**Exercise aim**
Exactly as they appear below, repeat the lines from the one with "It can produce" through the one with "Mingjie Liu,现任", and no others.

*** Study material ***

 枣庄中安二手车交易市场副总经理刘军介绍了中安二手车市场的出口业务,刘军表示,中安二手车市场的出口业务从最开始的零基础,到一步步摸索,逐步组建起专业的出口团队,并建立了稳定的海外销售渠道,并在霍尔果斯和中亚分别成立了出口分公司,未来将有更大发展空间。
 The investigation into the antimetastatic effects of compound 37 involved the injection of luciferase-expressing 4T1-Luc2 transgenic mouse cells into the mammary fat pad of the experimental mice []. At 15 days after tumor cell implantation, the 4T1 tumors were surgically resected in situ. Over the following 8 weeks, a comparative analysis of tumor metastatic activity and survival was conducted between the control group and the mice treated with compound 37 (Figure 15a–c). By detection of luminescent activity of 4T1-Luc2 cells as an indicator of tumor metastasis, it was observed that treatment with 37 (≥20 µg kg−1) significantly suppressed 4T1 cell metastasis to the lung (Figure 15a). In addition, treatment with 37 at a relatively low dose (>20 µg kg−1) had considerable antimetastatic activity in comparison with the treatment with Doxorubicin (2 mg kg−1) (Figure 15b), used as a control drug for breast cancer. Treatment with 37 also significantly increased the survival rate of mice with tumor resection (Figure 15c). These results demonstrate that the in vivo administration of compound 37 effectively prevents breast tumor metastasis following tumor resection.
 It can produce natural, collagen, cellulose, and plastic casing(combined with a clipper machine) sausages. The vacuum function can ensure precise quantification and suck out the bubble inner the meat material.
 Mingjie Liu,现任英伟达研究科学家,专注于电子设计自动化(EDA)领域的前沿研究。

*** End of Study material ***
*** Study material ***

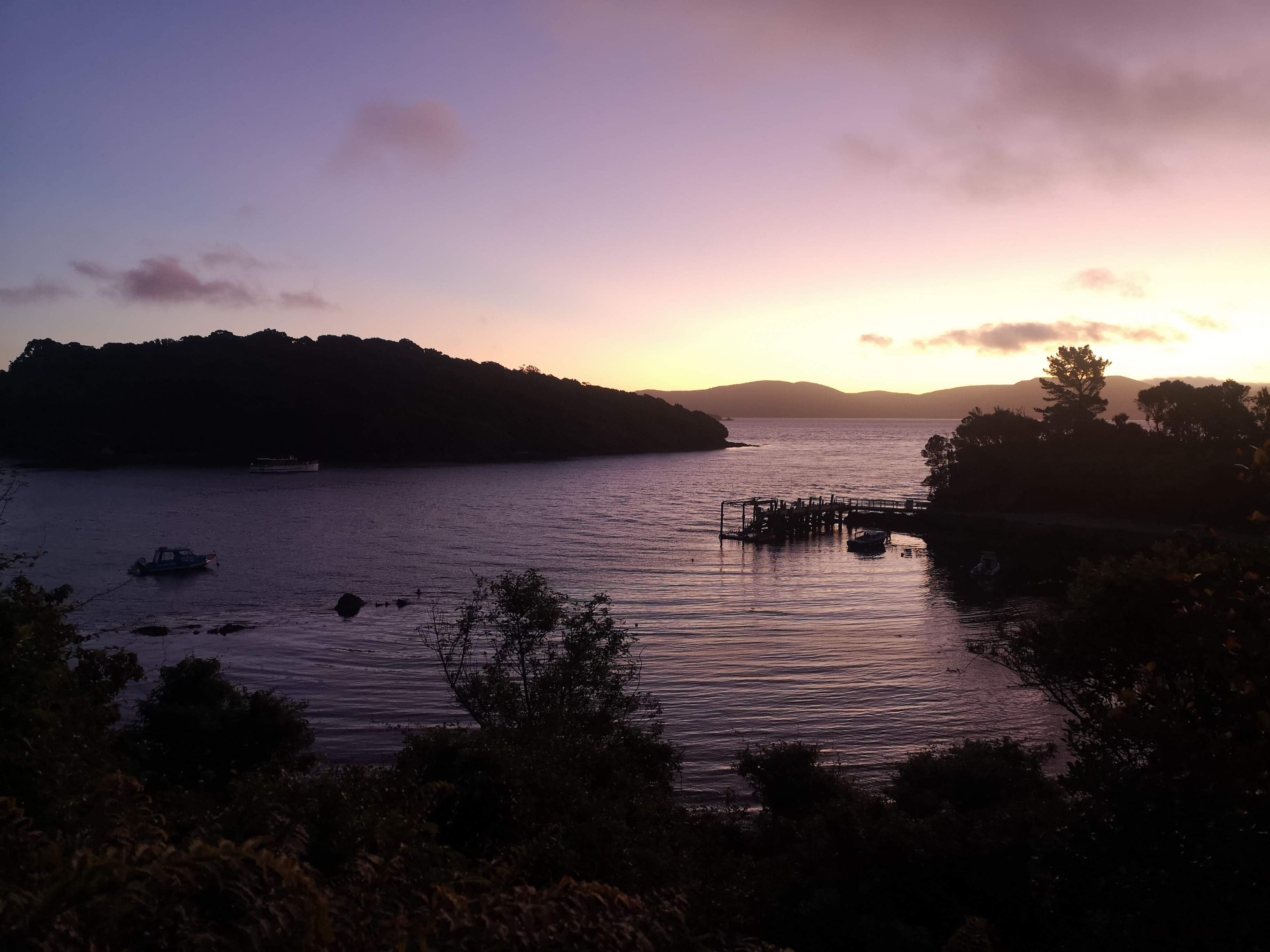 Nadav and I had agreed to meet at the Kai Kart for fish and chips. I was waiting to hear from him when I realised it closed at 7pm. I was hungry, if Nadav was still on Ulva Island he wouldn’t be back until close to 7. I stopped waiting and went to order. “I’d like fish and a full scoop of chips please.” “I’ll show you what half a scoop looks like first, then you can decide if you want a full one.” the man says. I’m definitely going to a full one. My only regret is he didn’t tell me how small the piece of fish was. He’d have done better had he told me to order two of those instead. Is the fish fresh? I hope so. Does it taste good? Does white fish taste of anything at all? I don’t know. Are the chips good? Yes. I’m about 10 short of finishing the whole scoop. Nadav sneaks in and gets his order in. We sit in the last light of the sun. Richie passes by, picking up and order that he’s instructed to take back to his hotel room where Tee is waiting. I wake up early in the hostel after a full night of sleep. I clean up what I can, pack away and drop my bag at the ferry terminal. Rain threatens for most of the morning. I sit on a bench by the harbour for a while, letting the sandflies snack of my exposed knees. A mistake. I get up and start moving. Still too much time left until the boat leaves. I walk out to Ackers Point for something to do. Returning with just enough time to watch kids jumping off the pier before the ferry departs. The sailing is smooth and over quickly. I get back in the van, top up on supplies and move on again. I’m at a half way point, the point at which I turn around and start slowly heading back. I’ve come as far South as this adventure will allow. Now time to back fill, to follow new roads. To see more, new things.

*** End of Study material ***

**Task solution**
 It can produce natural, collagen, cellulose, and plastic casing(combined with a clipper machine) sausages. The vacuum function can ensure precise quantification and suck out the bubble inner the meat material.
 Mingjie Liu,现任英伟达研究科学家,专注于电子设计自动化(EDA)领域的前沿研究。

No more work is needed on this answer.